# Anxious after a workout?



## socialreject (Jan 15, 2010)

Does anyone else feel really tense and even more anxous after a workout than they did before it, especially after cardio?


----------



## coldsorehighlighter (Jun 2, 2010)

Do you do cardio at home? Outside? A gym? I workout at home and so I don't get anxious after, I actually feel good about myself. I'd likely feel different if I ran outside or worked out at a gym though.


----------



## socialreject (Jan 15, 2010)

*djhfdjfu*



the cheat said:


> Do you do cardio at home? Outside? A gym? I workout at home and so I don't get anxious after, I actually feel good about myself. I'd likely feel different if I ran outside or worked out at a gym though.


I dont mean 'social anxious' but like your body being tense and finding it hard to get a good satifying breath due to anxiety, i do my cardio at home


----------



## consciousliving (Feb 10, 2010)

The opposite thing happens to me. Definitely try to switch up your routine.


----------



## millenniumman75 (Feb 4, 2005)

socialreject said:


> Does anyone else feel really tense and even more anxous after a workout than they did before it, especially after cardio?


Anxiety-wise, not really. Last night, I ran in 76F/25c and humid - it felt like 81F/27c Almost 10km, I was overheated, sweaty, but tense after I got in air conditioning. Watch the post-workout conditions - stretch out!

I am sore this morning.....


----------



## abracadabra (Dec 5, 2009)

That's happened to me, definitely. You know what it really is? Your increased heart rate can mimic the feeling of anxiety. But it can help A LOT to make sure you're breathing deeply when you're exercising, eat enough beforehand, and get enough water. After your workout, just take it easy and focus on breathing very deeply so that your heart rate can slow.


----------



## donavan (Jun 23, 2010)

socialreject said:


> Does anyone else feel really tense and even more anxous after a workout than they did before it, especially after cardio?


 its becasue after exercise your body goes into what is called a catabolic state.

you need to get some sugar in you straight away to get your body back to normal


----------



## Tony99 (Jul 27, 2008)

Straight opposite. I feel refreshed and relaxed.


----------



## millenniumman75 (Feb 4, 2005)

*Anxious, tonight, YES! 
I needed to get hom and cut my run short. 

Note to self: Do NOT eat BEAN BURRITO before a run (even if it is FIVE HOURS before!)


----------



## Sunshine009 (Sep 21, 2008)

If I listen to trance music sometimes yes. I started sitting up straight and straightening out my spine in a sitting up position, to ground myself to even myself out, after the workout. That helped me.


----------



## foremma (Feb 18, 2010)

yess I actually do!
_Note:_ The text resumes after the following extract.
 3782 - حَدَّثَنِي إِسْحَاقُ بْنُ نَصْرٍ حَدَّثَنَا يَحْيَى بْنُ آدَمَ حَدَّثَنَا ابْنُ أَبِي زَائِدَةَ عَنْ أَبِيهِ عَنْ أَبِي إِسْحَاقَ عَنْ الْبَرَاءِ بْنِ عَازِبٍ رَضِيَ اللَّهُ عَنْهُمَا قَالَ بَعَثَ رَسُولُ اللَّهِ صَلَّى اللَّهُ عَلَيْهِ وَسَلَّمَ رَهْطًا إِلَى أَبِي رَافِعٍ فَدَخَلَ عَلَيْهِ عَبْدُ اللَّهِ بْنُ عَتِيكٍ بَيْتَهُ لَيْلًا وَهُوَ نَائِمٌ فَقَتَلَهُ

I was surprised to see this thread. Personally my OCD tendencies flare up after I run. I typically run on the treadmill when I work out, and I always count down the minutes I have left to run. I think the counting kicks my OCD into gear. Guess that's not that similar to your issue, lol, but yeah, I do feel more anxious afterward.


----------



## Password (Jul 7, 2010)

Yeah, and for some reason my heartbeat gets really irregular while doing cardio. I workout in my garage so maybe it's lack of oxygen or something (I keep the garage door cracked open a bit but... it's Texas heat over here) but sometimes it gets so bad that I have to sit down a bit to catch my breath or risk passing out. Once I almost did and almost caught myself falling off of the treadmill. Yikes.

Once I'm done though I feel really exhausted and even taking a shower is hard 'cause I feel really weak in the knees. I just don't see those "happy hormone" effects so many people talk about.


----------



## millenniumman75 (Feb 4, 2005)

Password said:


> Yeah, and for some reason my heartbeat gets really irregular while doing cardio. I workout in my garage so maybe it's lack of oxygen or something (I keep the garage door cracked open a bit but... it's Texas heat over here) but sometimes it gets so bad that I have to sit down a bit to catch my breath or risk passing out. Once I almost did and almost caught myself falling off of the treadmill. Yikes.
> 
> Once I'm done though I feel really exhausted and even taking a shower is hard 'cause I feel really weak in the knees. I just don't see those "happy hormone" effects so many people talk about.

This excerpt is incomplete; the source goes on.